EXERCISE GOAL: What are the lines from the one with "Peers and Queers" through the end of the records below, written out exactly and without the pictures?

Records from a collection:
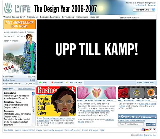 From: Chri5 Somme SL please update your homepage and make it more recent, we're sick of seeing the stupid yellow, red, and white business week article with your glamour girl on the cover. There was a change. Used to have a heading that said "Virtual Lindens = Real Money" or somethign like that. With the latest TOS and Update it was changed. That little change has sent shivers up many a back in SL.
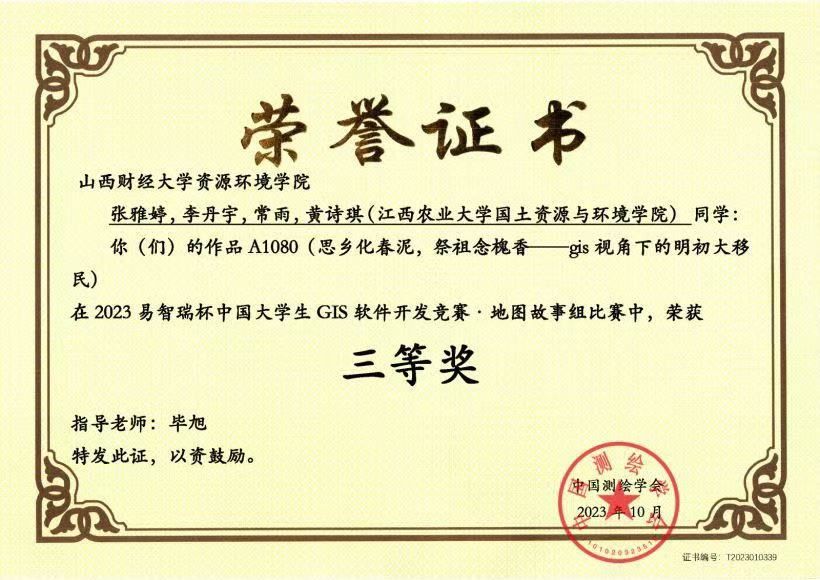 2021地理信息科学专业张雅婷、常雨、李丹宇三位同学的作品《基于夜间灯光的黄河流域碳收支时空格局及驱动因素》荣获地理设计组三等奖。其中,该团队成员在2023年“易智瑞杯”中国大学生GIS软件开发竞赛中作品《思乡化春泥,祭祖念槐香——gis视角下的明初大移民》荣获地图故事组三等奖。以上荣誉不仅是对团队成员辛勤付出的肯定,更是对汤姆视频
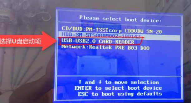 9.然后進入啟動菜單,選擇USB開頭的啟動選項或U盤的品牌名稱,選擇上下箭頭鍵,然后按Enter進行確認。
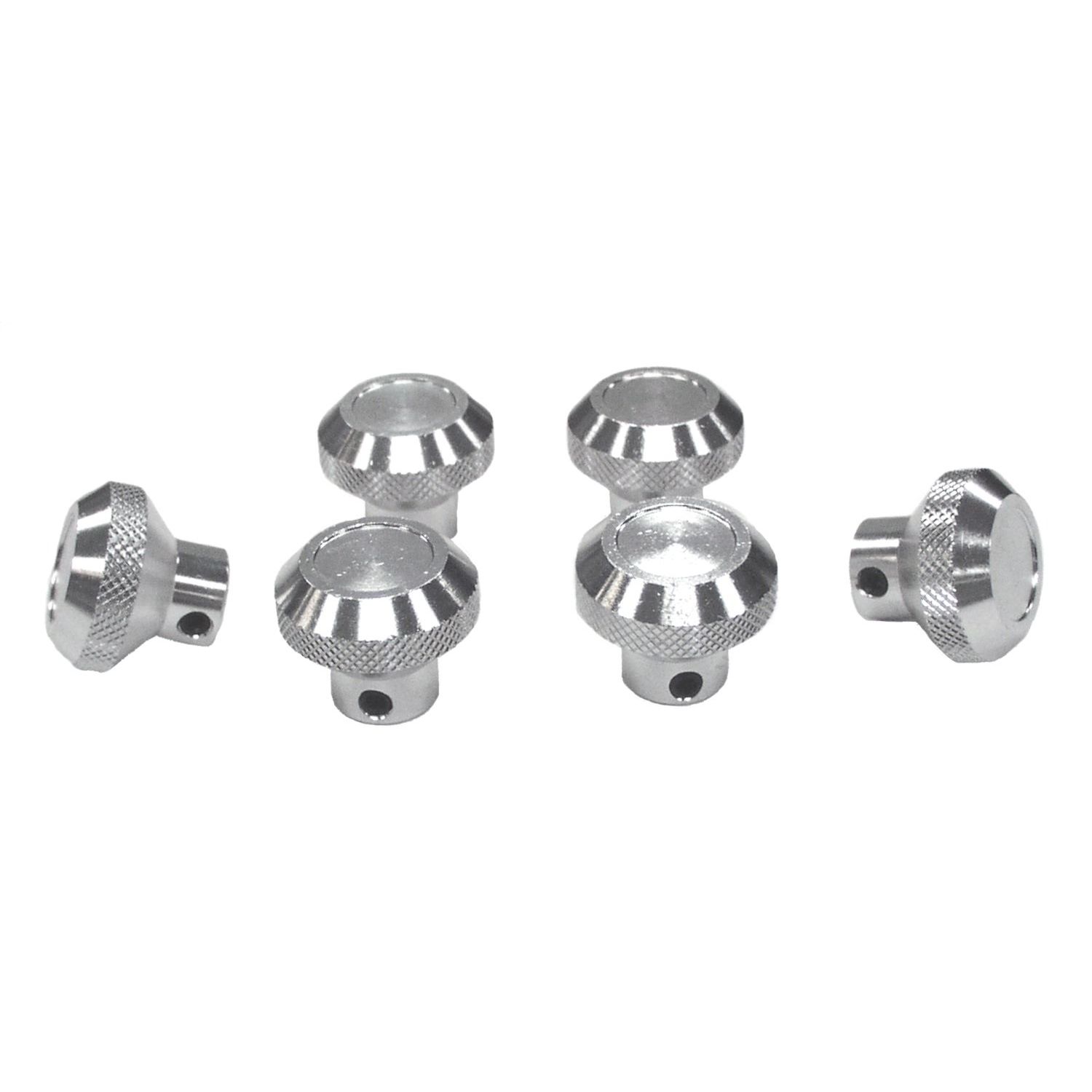 Finish the look of your vehicles dash with RT Off-Roads Dash Control Knob Set. Available in both polished and powder coated aluminum. Install in place of the factory plastic knobs and are held in place with set screws. Includes all hardware needed for installation.
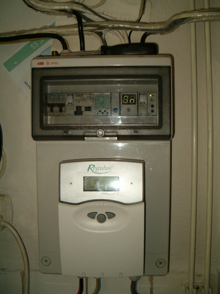 Regulátor na vodu je předělaný na 12V z FV oběžná čerpadla a ventyly jsou na tom 300W sinus měniči,
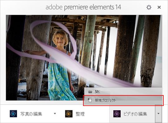 プレミアエレメンツ14のスタートアップスクリーン画面が表示されたら、[ビデオの編集] をクリックし、[新規プロジェクト] をクリックします。
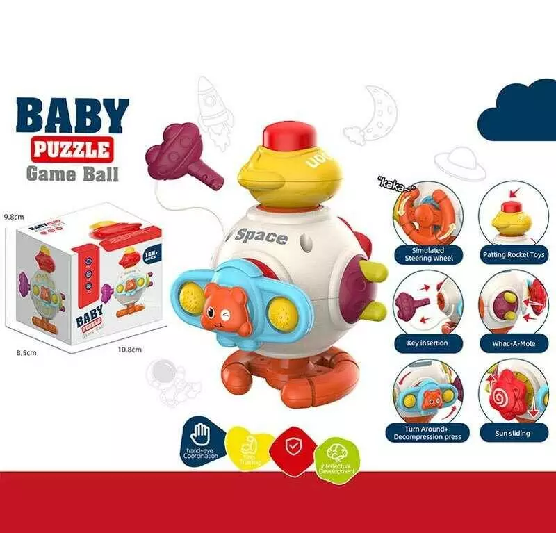 Бізіборд 666-2 (150) 6 забавок, тріскачка, пискавка, спінер, попіт, рухомі елементи, пальчикові ігри, в коробці
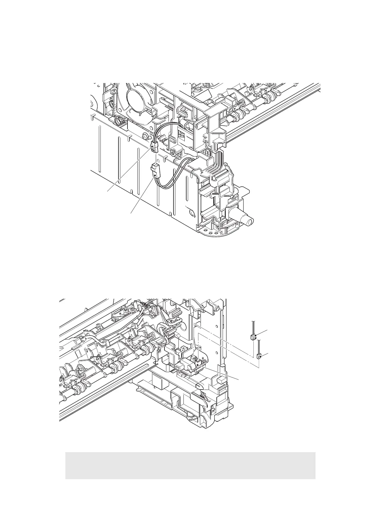 (1) Release the fuser unit heater harness from the securing fixtures, and disconnect it from
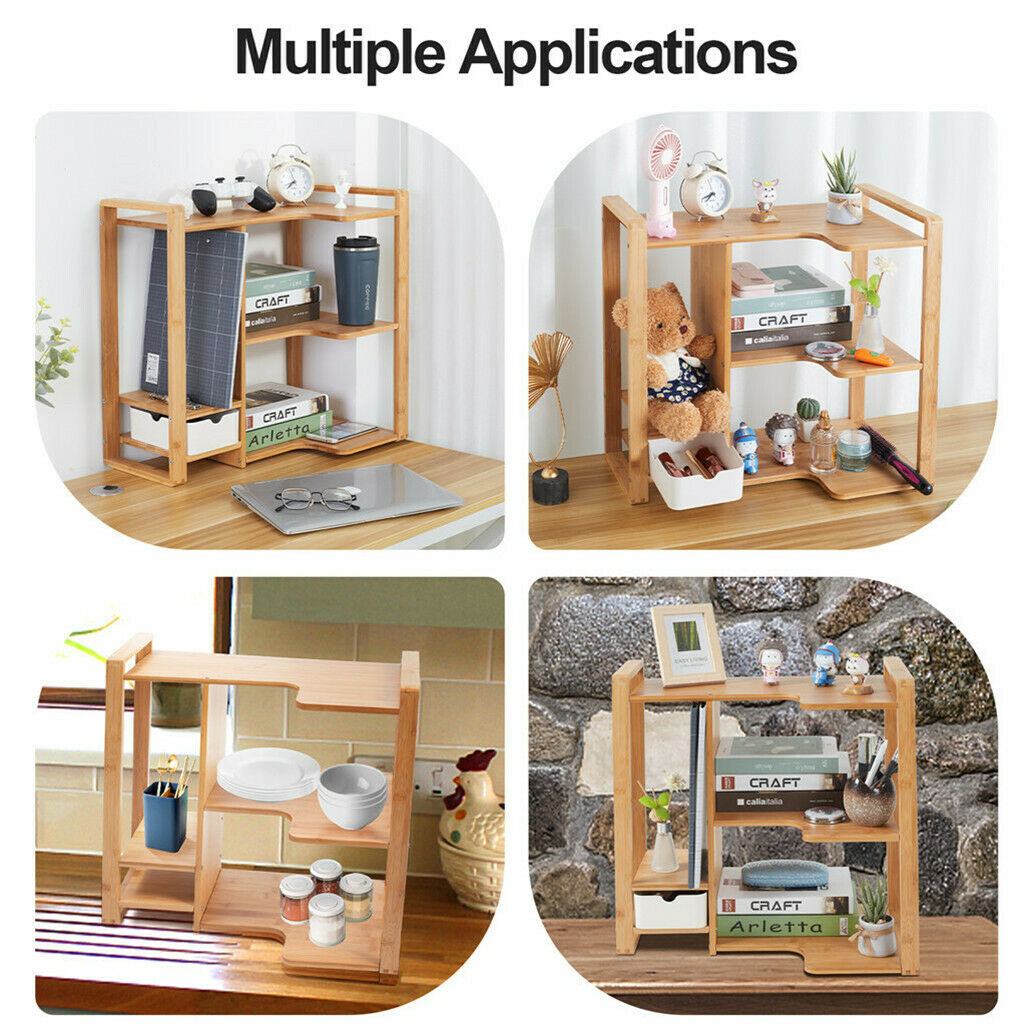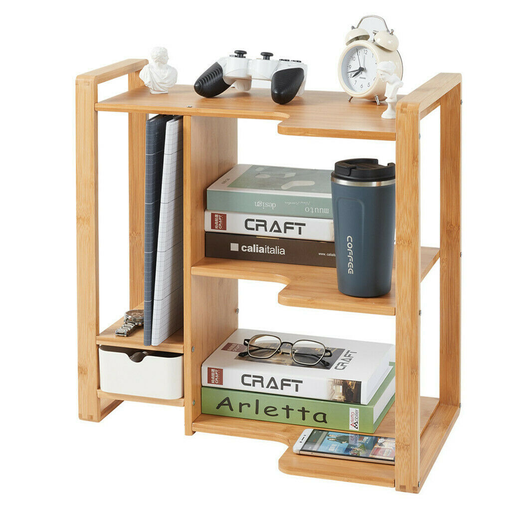 Corner Desktop Bookshelf Stand Display Shelf Rack Bookcase Home Office Organizer
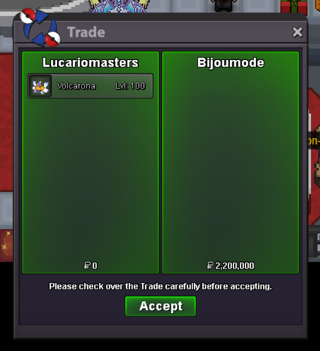 The Auction has ended. And the winner is @Aacorn! Congratulations! The price ended at 1.2m I am so sorry that i am respond late, i have had fever for the last 2 days and i´ve had trouble playing then. I live in gmt+2 so it is right now night, whenever you see me in game, you can message me, i have switched accounts now from Lucariomasters to my main: Pokesebbe09 You can also message me here or on Discord: Sebbeebbes Hope you´ve had a good day Best regards - Luca / Sebbe -
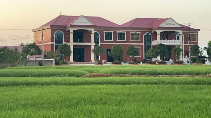 设计/施工特色:采用新中式与现代建筑风格融合的设计手法,将传统中式建筑元素与现代设计理念深度结合,在外观造型、空间布局、材料选用、庭院打造及文化内涵营造上独具特色。屋顶保留坡屋顶等中式经典形制,简化繁复装饰,以现代工艺强化空间层次感。墙体以红色为主色调,融入米白色欧式别墅常用配色,增添灵动活泼的氛围。装饰线条流畅、造型方正,窗套、檐口等细节嵌入竖白格栅,中式元素简约而不失韵味。门楣设计精致简洁,与整体风格浑然一体。整体设计兼顾美观性与实用性,为乡村建筑风格创新提供了优质范本。
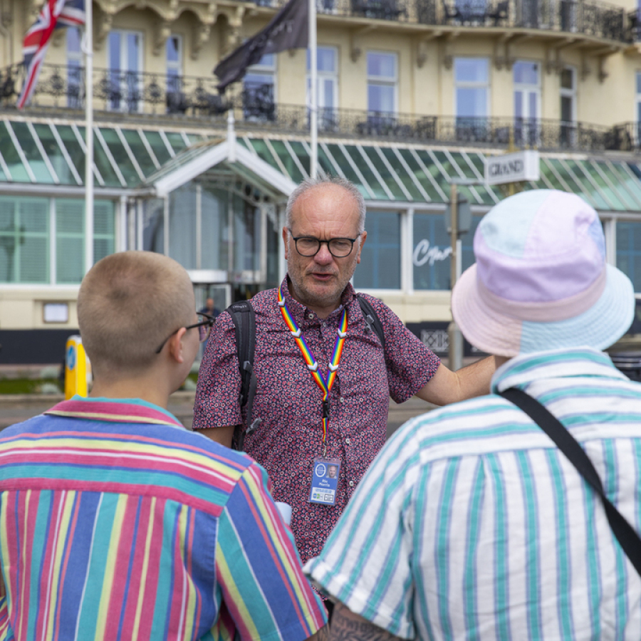 Peers and Queers is a tour of Brighton from a lesbian, gay, bisexual, trans and queer perspective, in a colourful 90-minute walk along the beach and historic city centre.
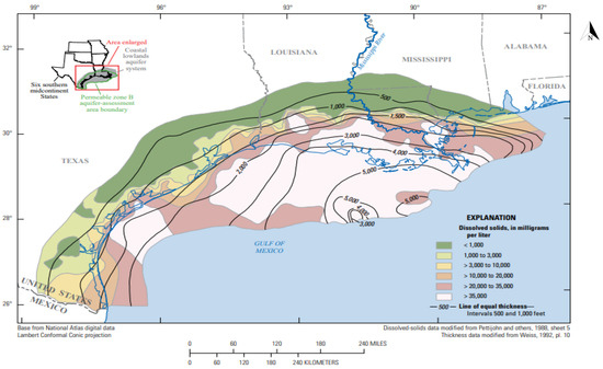 Dissolved solid concentrations and thickness in the Gulf Coast Regional Aquifer System [13].
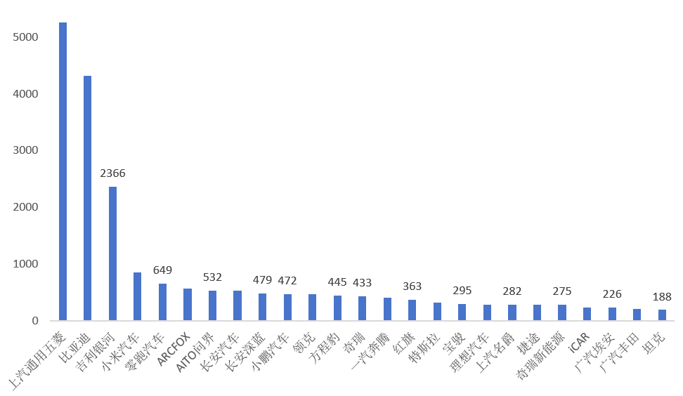 4、10月份云南省新能源汽車銷量——品牌結(jié)構(gòu)(排名前20品牌)

FINAL ANSWER:
 Peers and Queers is a tour of Brighton from a lesbian, gay, bisexual, trans and queer perspective, in a colourful 90-minute walk along the beach and historic city centre.
 Dissolved solid concentrations and thickness in the Gulf Coast Regional Aquifer System [13].
 4、10月份云南省新能源汽車銷量——品牌結(jié)構(gòu)(排名前20品牌)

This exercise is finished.